Authors Sinha-Datta U, Khan S, Wadgaonkar D

Received 27 March 2015

Accepted for publication 12 June 2015

Published 16 September 2015 Volume 2015:5 Pages 83—91

DOI https://doi.org/10.2147/BS.S85537

Checked for plagiarism Yes

Review by Single anonymous peer review

Peer reviewer comments 2

Editor who approved publication: Professor Shein-Chung Chow



Uma Sinha-Datta, Srijit Khan, Dhananjay Wadgaonkar

Fast Trak, GE Healthcare Life Science, John F Welch Technology Centre, Bangalore, India

Abstract: In the biosimilar eon, where various analytical platforms are needed to show biosimilarity, we demonstrate the use of surface plasmon resonance biosensor as a label-free interaction analysis tool to compare two therapeutic monoclonal antibodies (mAb1-i and mAb2-i) with their biosimilars (mAb1-B and mAb2-B1, B2, B3) based on kinetics, affinity, and thermal stability studies.
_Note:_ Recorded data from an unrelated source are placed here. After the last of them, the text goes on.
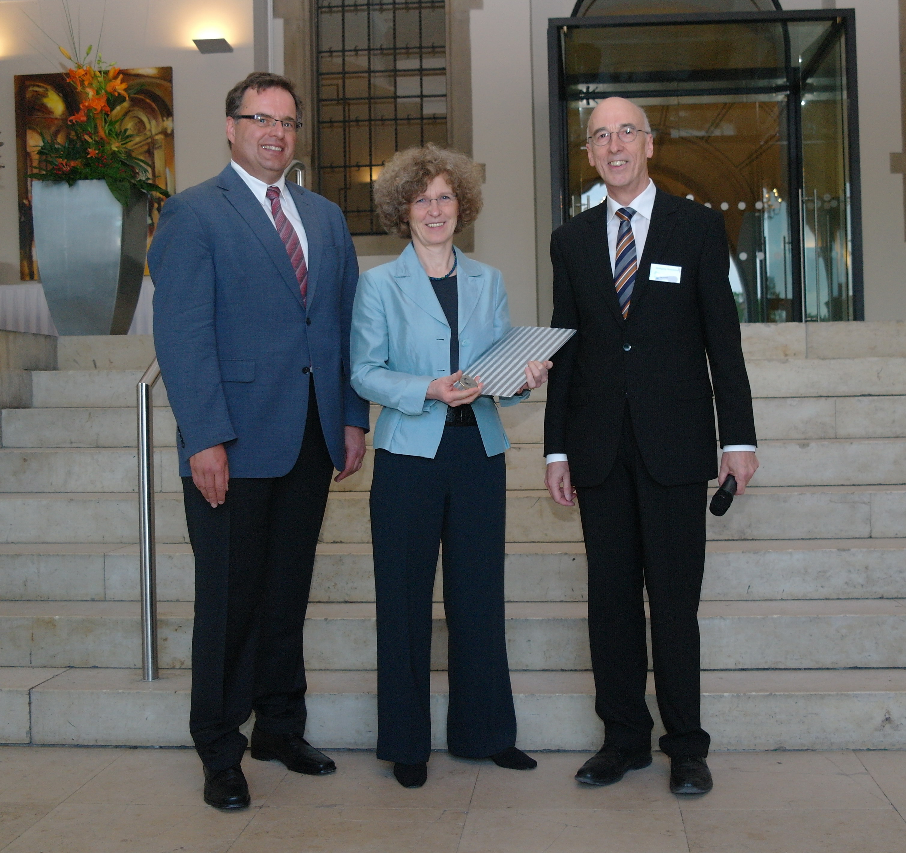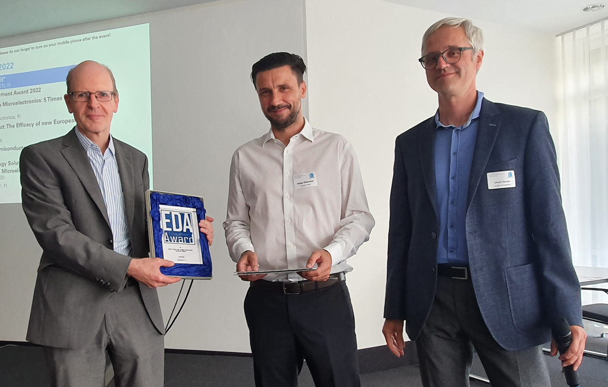 v.l.n.r.: Prof. Dr. Ulf Schlichtmann (Vorstand edacentrum), Dipl.-Ing. Holger Eisenreich und Laudator Dr. Ulrich Hensel (GLOBALFOUNDRIES Dresden)
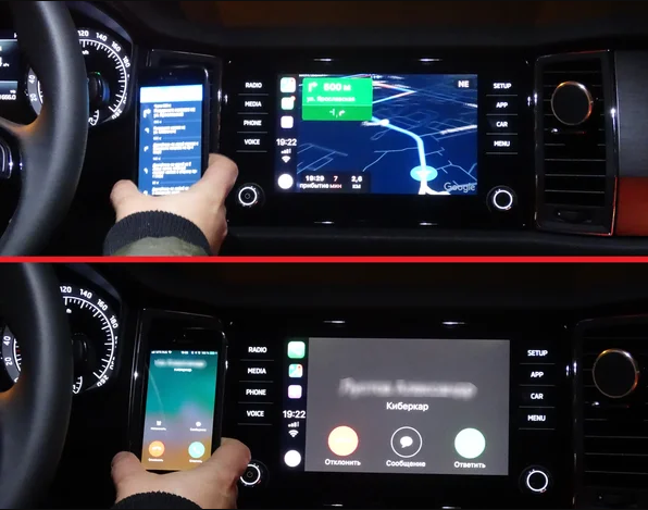 В CarPlay есть очень навязчивая проблема в виде отсутствия многозадачности во время движения и использования навигации одновременно. Система требует подключенного телефона, и Apple посчитала важным реализовать функцию принятия вызова. Только реализована она весьма криво. Представьте ситуацию, когда вы находитесь на незнакомом участке дороги и используете навигацию, как вдруг раздается звонок и вся навигация перекрывается картинкой вызова. Роковая оплошность Apple в данном случае может стоить нервных клеток водителя, ведь тот проезжает нужный поворот и теряет кучу времени.
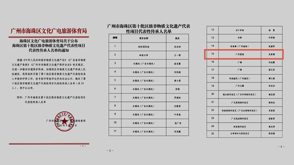 2026年4月10日,海珠区文化广电旅游体育局公布了海珠区第十批区级非物质文化遗产代表性项目代表性传承人名单,其中,广州剪纸传人吴育珊经申报、评审和公示,被评为广州剪纸【又名剪纸(海珠)】这项非遗项目的代表性传承人。
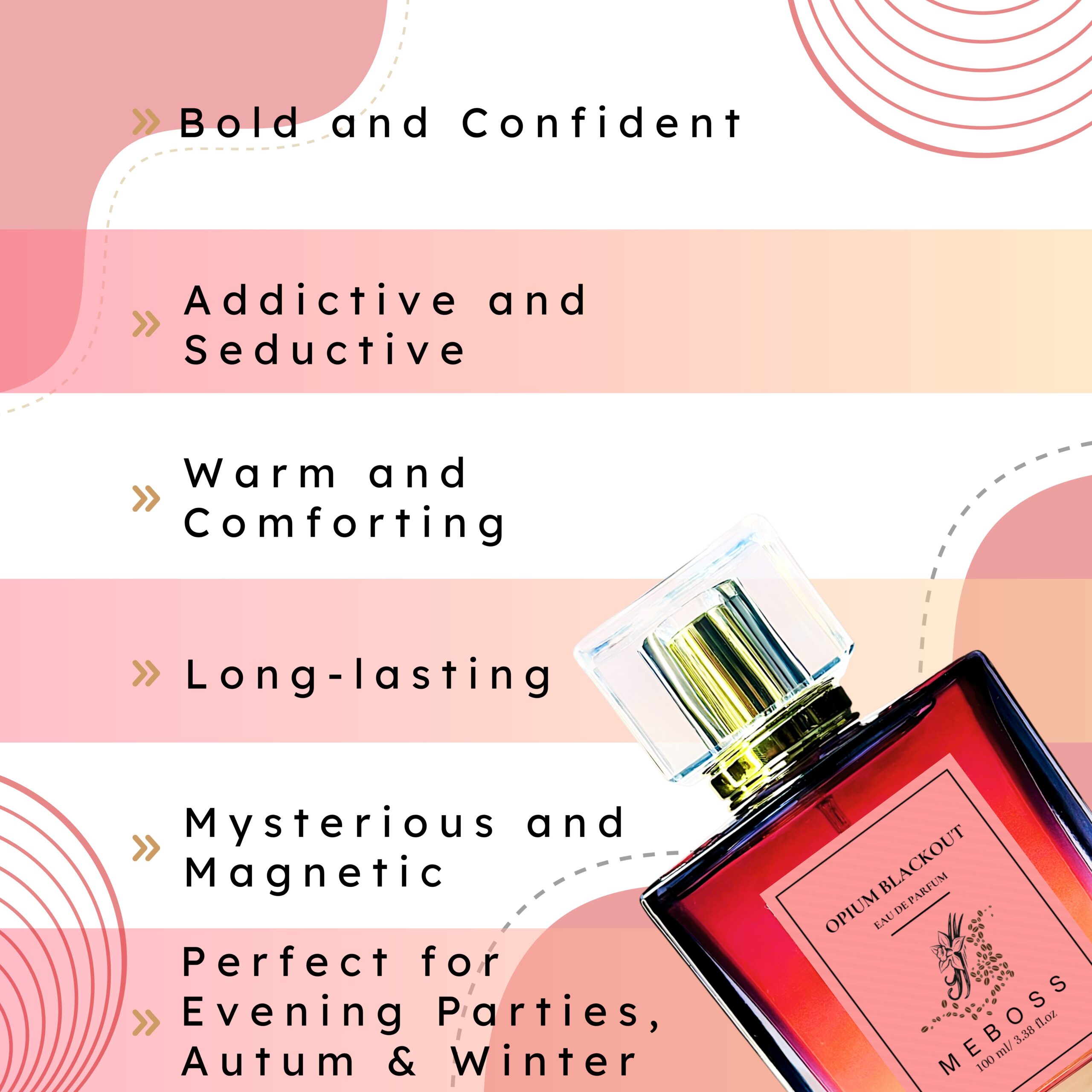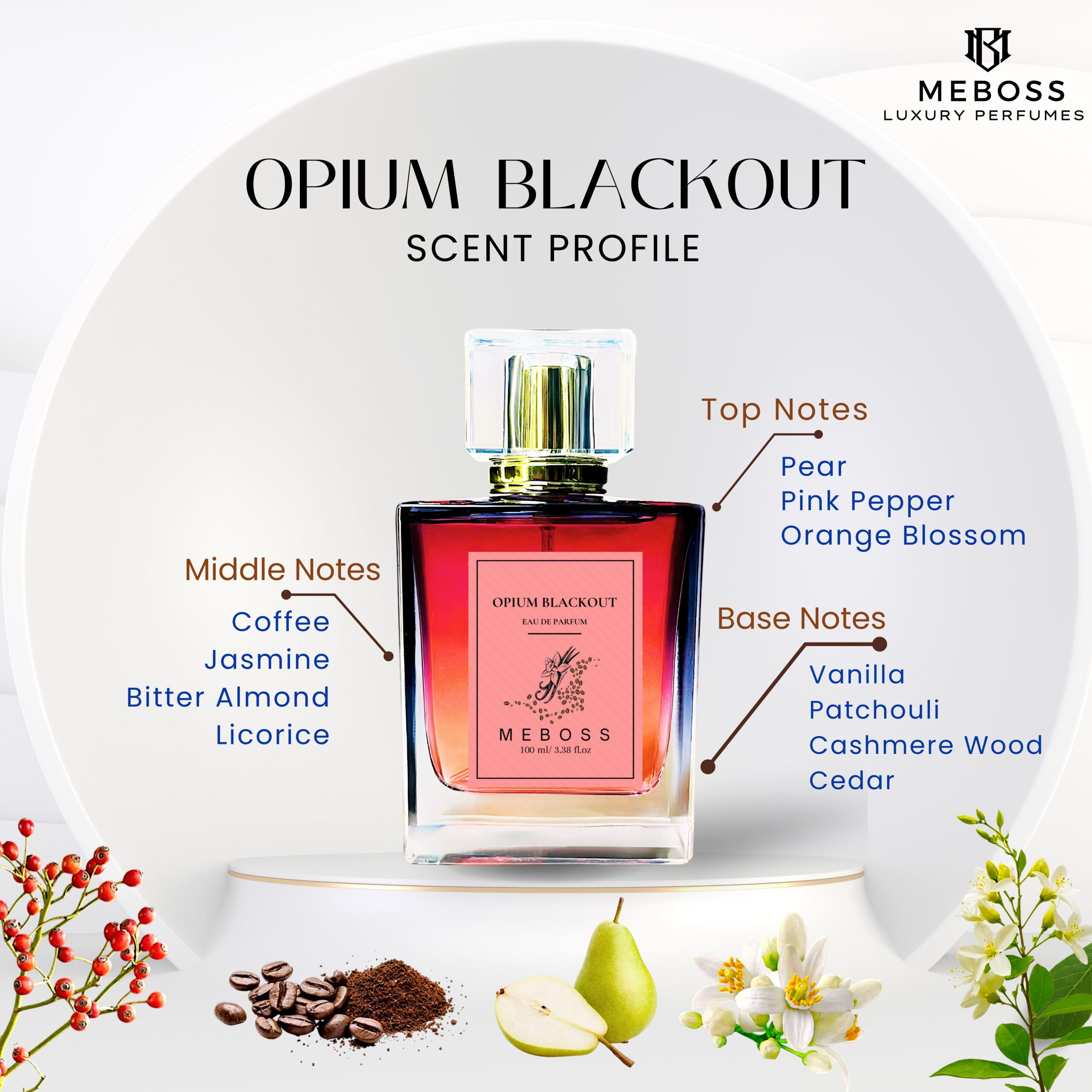Opium Blackout is a captivating, oriental-gourmand fragrance that embodies the essence of modern femininity. This bold, seductive scent combines notes of coffee, vanilla, and white flowers, creating a rich, velvety texture that’s both warm and spicy. The fragrance opens with a burst of pear and mandarin essence, followed by a delicate bouquet of orange blossom and jasmine, and settles into a smooth base of patchouli, vanilla, and cedarwood. With its impressive longevity and moderate to strong sillage, it is perfect for evening wear, exuding confidence, allure, and sophistication. This iconic perfume is designed for the modern woman who dares to live life on her own terms, embracing her boldness and individuality.

We calculate active analyte concentration using Biacore systems' calibration-free concentration analysis method and demonstrate its importance for kinetic evaluation. The kinetic constants (ka and kd) and affinity constant (KD) of the mAbs for binding to specific antigens were evaluated. It was found that the biosimilars were very similar to their innovator with respect to binding to its antigen demonstrating functional similarity. To further confirm biosimilarity to the originator molecules, we conducted a thermal stability analysis of both mAbs using differential scanning calorimetry. This analysis showed good structural similarity in between innovator antibodies and biosimilars, with major Tm as 84.1°C (mAb1) and 72.8°C (mAb2), demonstrating structural similarity.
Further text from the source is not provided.